Иначе и быть не могло. Другой непознаваем, потому что познанный Другой становится своим. Чужой разум трансцендентен нашему. Недоступность – субстанциональный атрибут Другого. Именно поэтому мы и не можем оставить его в покое. Вызов, который бросает человеку возможность нечеловеческого, и есть основное содержание нашей духовной истории. Только в контакте с запредельным мы можем описать себя. Выход из этого тупика лишь в том, чтобы отменить Другого вовсе, признать непостижимое несуществующим. Но именно этого Лем нам не дает сделать, сталкивая своих героев с непреложным фактом встречи.
Исходная ситуация определяет параметры проблемы, которую ставит перед человеком явление чужого разума. Раньше мы предполагали возможность Другого, теперь знаем о нем и никогда не забудем. Контакт самоценен. Любые знания, добытые в общении с чужим разумом, не могут сравниться с тем опытом, который дает единственный и решающий факт открытия этого разума. Человек только тогда перестанет быть мерой вещей, когда он встретится с нечеловеком. Контакт – это конец такому невыносимому одиночеству, что человек никогда его и не выносил, тайно или явно окружая себя богами.
Однако ценность контакта определяется только тем, что чужой разум будет действительно чужим. И с этим фантастике труднее всего справиться. Обычно ее авторы просто переписывают нашу историю, моделируя встречу по прецеденту. Сценарий ее строится по испытанной в Новом Свете схеме: другие либо выше нас, либо ниже. В первом случае роль индейцев играем мы, во втором – они. При таких условиях контакт – процесс установления паритета, в том числе, как это принято в “космической опере”, и с помощью кулачного боя. Но Лем выводит контакт из зоны агона, лишая участников способности к общению. Война, как и дружба, предусматривает общность интересов. У Лема мы не знаем, чего чужой разум хочет, свой, впрочем, – тоже (если мы не отвечаем за наше подсознание, то кто отвечает?).
Главная коллизия у Лема связана с тем, что контакт невозможен, но он все-таки происходит. Не найдя общего языка, стороны, сами не понимая как, влияют друг на друга. Плод их встречи – перемены, причем – обоюдные. В этом ключ к “Солярису”.
16 сентября
Ко дню рождения Би Би Кинга
В Мемфис, столицу афроамериканской музыки, Кинг приехал на попутной машине. В кармане у него бренчали два с половиной доллара мелочью, заработанные игрой на перекрестках городка Итта Бена, где теперь открылся Музей Би Би Кинга.

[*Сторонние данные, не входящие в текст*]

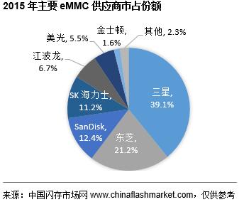 2015年eMMC市场依然是三星、东芝、闪迪、美光、SK海力士占据80%以上的市场份额,其中三星eMMC大约占39.1%、东芝21.2%、美光5.5%、SK海力士11.2%、闪迪12.4%,江波龙6.7%,金士顿1.6%,其他2.3%。

Другими словами, корни его гения уходят в родную для блюза почву черного Юга.
Самая романтическая история в жизни Кинга произошла в середине 1950-х, когда в одном из бесчисленных ночных клубов, где Кинг давал очередной концерт, вспыхнула жестокая драка из-за женщины по имени Люсиль. В суматохе начался пожар. Выбежав на улицу, Кинг вернулся в охваченный пламенем зал за любимой гитарой. С тех пор все его гитары носят одно, известное всем поклонникам имя: Люсиль.
Научив гитару, как другие – скрипку, человеческому голосу, Кинг с каждой Люсиль выступал дуэтом. Пытаясь втолковать природу этих интимных отношений посторонним, он говорил: “Когда я пою, то мысленно играю. Когда я замолкаю, вместо меня поет гитара”.
Его манера игры – с четким музыкальным синтаксисом, громкими аккордами, мягкими вибрато, виртуозными каденциями на одной струне и “гнутыми”, как говорят в мире блюза, нотами – стала основной в рок-музыке. У Кинга учились все – от Джорджа Харрисона до Эрика Клэптона и Боно. А сам он учился у блюза.
Наиболее элементарная джазовая форма, блюз слишком прост, чтобы поддаваться фальсификации. Естественный, как выдох, он часто включает в себя горький вздох, рифмующийся с незатейливыми, повторяющимися и незаменимыми словами.
Как кино, джаз – сравнительно новое искусство. Наша культура еще помнит, когда его не было, и не забыла, когда он появился. Среди нас еще жили отцы-основатели, патриархи джаза. И, может быть, главным из них был Би Би Кинг. Кстати, Кинг – не прозвище, не титул, а настоящая фамилия. Любители джаза зовут его не “королем”, а “послом” блюза во всем благодарном мире.
21 сентября
Ко дню рождения Юза Алешковского
В нашем, да и в следующем поколении песню Алешковского “Товарищ Сталин, вы большой ученый” знали все еще тогда, когда она казалась народной и не имела автора.
Короля играет свита, и в этом случае ее роль исполняли выдающиеся авторы. Жванецкий им восхищался. Битов считал, что Алешковского надо печатать в “Литературных памятниках”. Ну а Бродский дал Алешковскому лапидарную оценку, которую можно высечь на памятнике: “Моцарт языка”.